Clearly, I was not in a state to drive, or at least not in a state to drive while listening to NPR. But I continued my ill-advised pattern, and a week later outside Chicago, I heard public radio station WBEZ 91.5 reporting personal stories from the Chicago public high school most touched by deadly violence. Three students had recently been shot at one Chicago school. And again, it was all I could do to keep from driving straight to that school, sleeping in the parking lot overnight so that the next morning I could go to the principal’s office and offer to help however I could.

I am not a “good” person. I neglect all sorts of activities that might improve this world. I do all the insensitive, unthinking, and occasionally cruel things to my fellow humans that my fellow humans typically do in turn. But with my brother’s death I felt this intense urge to do good. I was emotionally ready to commit my life to lepers, to go on a hunger strike for the poor or the poorly treated. I was ready to stop a war or start a war; to convert to a new religion or stomp out all religion; to fall in love or to execute wrongdoers. I was all revved up to do good, but I had no idea what good was….

[Then, 130 pages later, my conclusion…]

“The belief that all genuine education comes about through experience does not mean that all experiences are genuinely or equally educative.” –John Dewey

Following my brother’s death, family and friends of Kurt started asking “what if?”. What if we had reached out to him more in the last 6 hours of his life, the last 6 months, the last 6 years? What if he had been given better medical attention? What if he received more attention in school? What if the social service system was better? What if medical research was better? What if authority figures in his life had been harder on him? What if they had been kinder? What if he had stayed away from heroin, from Vicodin, from alcohol, from Ritalin? What if he found the right drug to more sustainably ease his condition?

We were not just trying impossibly to reverse time, to come up with a way that Kurt would no longer be dead. We were trying to learn something. Almost worse than Kurt’s death itself was the notion that Kurt’s life might have been in vain. We must, it felt, come up with the lesson of Kurt’s life and come up with it right away.

In time, I became aware of all those who were together wrestling with meaning of Kurt’s life and death: there were professors of philosophy and heroin addicts, church choir directors and rock band drummers, social workers and bankers, Evangelicals and Theosophists, parents and children, Quakers and Buddhists, young and old, those who had experienced similar losses and those who had experienced nothing like this before. In our openly asking together the utterly important, but utterly answerable question of Kurt, I experienced community: the community of Kurt’s family and friends, of my family and friends.

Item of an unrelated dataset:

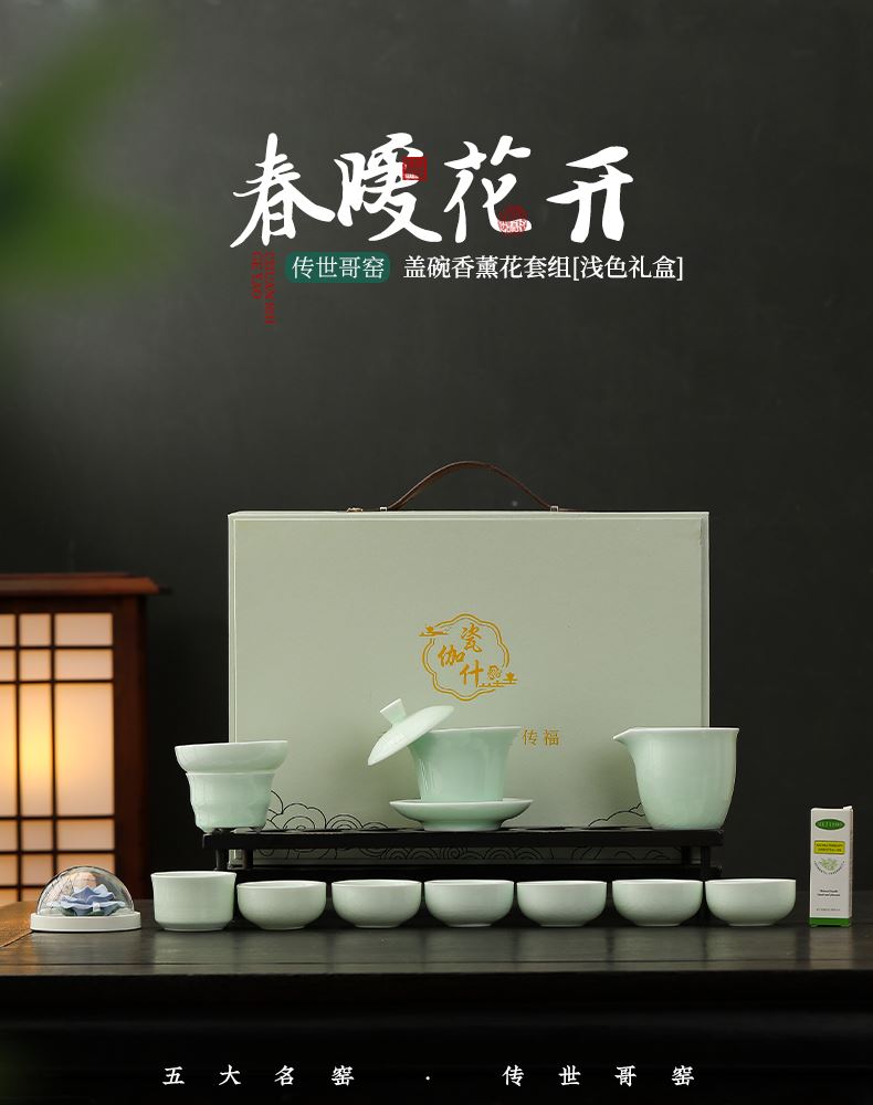 瓷伽什春暖花开哥窑茶具非遗香薰

Back at the beginning of this thesis I quoted the parable of the Good Samaritan. In this parable, a priest and a Levite—the professional do-gooders of the day, those who had codified in law exactly what good was—passed the man in need by. The Samaritan, sworn enemy to the Israelites, stopped to help. When Jesus asked his expert-in-the-law interlocutor who the man’s neighbor was the expert replied, “the one who showed mercy on him.” The parable pushes us toward the realization that neighbors, communities are created not by ethnicity, nor by proximity, nor by the goodness of any particular member, but by those we choose to show care to.

Wrestling with my brother’s suicide brought no final conclusions, no stable truths. But it did bring to me an awareness of those whose care supports me and who I try to support in turn. The community is the only lesson to learn.